Efficiency of gene expression programming in diameter-height modeling of Iranian oak (Quercus brantii Lindl).
measuring the height of all forest trees is a time-consuming and expensive operation, hence the use of diameter and height models to estimate the height of trees has been developed. The aim of this research is to investigate the efficiency of gene expression programming in diameter-height modeling of Iranian oak species (Quercus brantii Lindl) in high forests of Middle Zagros.
In order to carry out this research, by conducting numerous forest walk and getting to know the forests of the region, a stand with an area of approximately 5 hectares with a high forests vegetation structure was selected in the protected area of Sefid Koh Lorestan became. In this stand, the characteristics of DBH and total height of all Iranian oak trees whose DBH was more than 12.5 cm were counted 100%. A total of 642 trees were measured. In this research, 80% of the data was used for modeling and 20% for validation. The gene expression model with 3 genes and 100 chromosomes was implemented to investigate the relationship between height as a dependent variable and diameter as an independent variable. In order to evaluate the performance of the final model, RMSE, MAE and R2 criteria were used.
The model extracted from GEP justified 87% of the tree height based on the R2 value. The results of tree height-diameter modeling showed that the final model obtained has coefficient of explanation (R2), root mean square error (RMSE) and mean absolute value of error (MAE) 0.87, 1.3 and 0.97 respectively. is Also, the results of the criteria used to validate the obtained model showed that the extracted model has the coefficient of explanation (R2), root mean square error (RMSE) and mean absolute value of error (MAE), respectively 0.82 and 40. 1 and 1.06 could predict the height of trees.

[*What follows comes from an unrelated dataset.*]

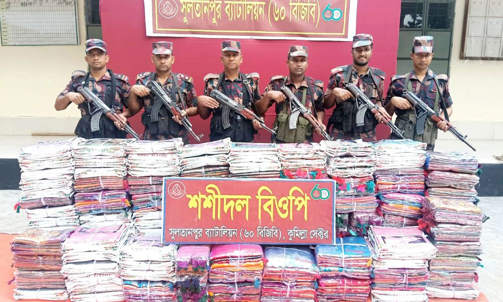 অনলাইন ডেস্ক: কুমিল্লার ব্রাক্ষণপাড়ায় অর্ধকোটি টাকা মূল্যের ভারতীয় অবৈধ শাড়ি জব্দ করেছে বর্ডার গার্ড বাংলাদেশ (বিজিবি)। উপজেলার শশীদল বিওপির দায়িত্বপূর্ণ সীমান্ত পিলার ২০৬১-৪-এস সংলগ্ন বাংলাদেশের অভ্যন্তরে দক্ষিণ তেতাভূমি এলাকা থেকে এসব অবৈধ শাড়ি জব্দ করা হয়। তবে কাউকে আটক করতে পারেনি বিজিবি।বৃহস্পতিবার (২ এপিল) দুপুরে সুলতানপুর ব্যাটালিয়ন (৬০ বিজিবি) ব্যাটালিয়ানের অধিনায়ক লে. কর্নেল এস এম শরিফুল ইসলাম এ তথ্য নিশ্চিত করেছেন।তিনি জানান, গোয়েন্দা তথ্যের ভিত্তিতে বুধবার দিবাগত রাতে পৌনে ১টার দিকে ব্রাক্ষণপাড়ার শশীদল বিওপির টহলদল সীমান্ত পিলার ২০৬১-৪-এস এর শুন্য লাইন হতে আনুমানিক ৫০ গজ বাংলাদেশের অভ্যন্তরে একটি বিশেষ অভিযান চালানো হয়। এ সময় দক্ষিণ তেতাভূমি এলাকায় ভারতীয় অবৈধ ৬৯৩ পিস শাড়ি জব্দ করা হয়। জব্দকৃদ এসব শাড়ির বর্তমান আনুমানিক বাজার মূল্য ৫৮ লাখ ৯০ হাজার ৫০০ টাকা। শাড়িগুলো কুমিল্লা কাষ্টমস্ অফিসে জমা দেওয়া হয়েছে।অধিনায়ক লে. কর্নেল এস এম শরিফুল ইসলাম বলেন, ‘নিরাপত্তা রক্ষা ও চোরাচালান প্রতিরোধে সীমান্তে আমাদের আভিযানিক কার্যক্রম ও গোয়েন্দা তৎপরতা জোরদার করা হয়েছে এবং এ অভিযান অব্যাহত থাকবে।’

Overall, the results of this research showed that the model extracted from gene expression programming according to the R2, RMSE and MAE performance evaluation criteria has the ability to estimate the height of Iranian oak high forests in the middle Zagros vegetation zone. Therefore, this model can be used in the forest areas of the middle Zagros vegetation zone, which have the same structure and habitat conditions as the studied area. It should be noted that the present research only predicted the height of trees based on the DBH (independent variable), so it is suggested that in future researches, the generalized models of height and diameter, in which the variability of the habitat and stand Considering the stand variables other than tree diameter (basal area of stand, stand age, dominant height, dominant diameter, site index, etc.) are considered to be used. Also, in order to make a more accurate judgment about the performance of this program, it is better to compare and measure it with other estimation algorithms such as non-linear regressions, support vector machine, artificial neural network, etc. in future studies.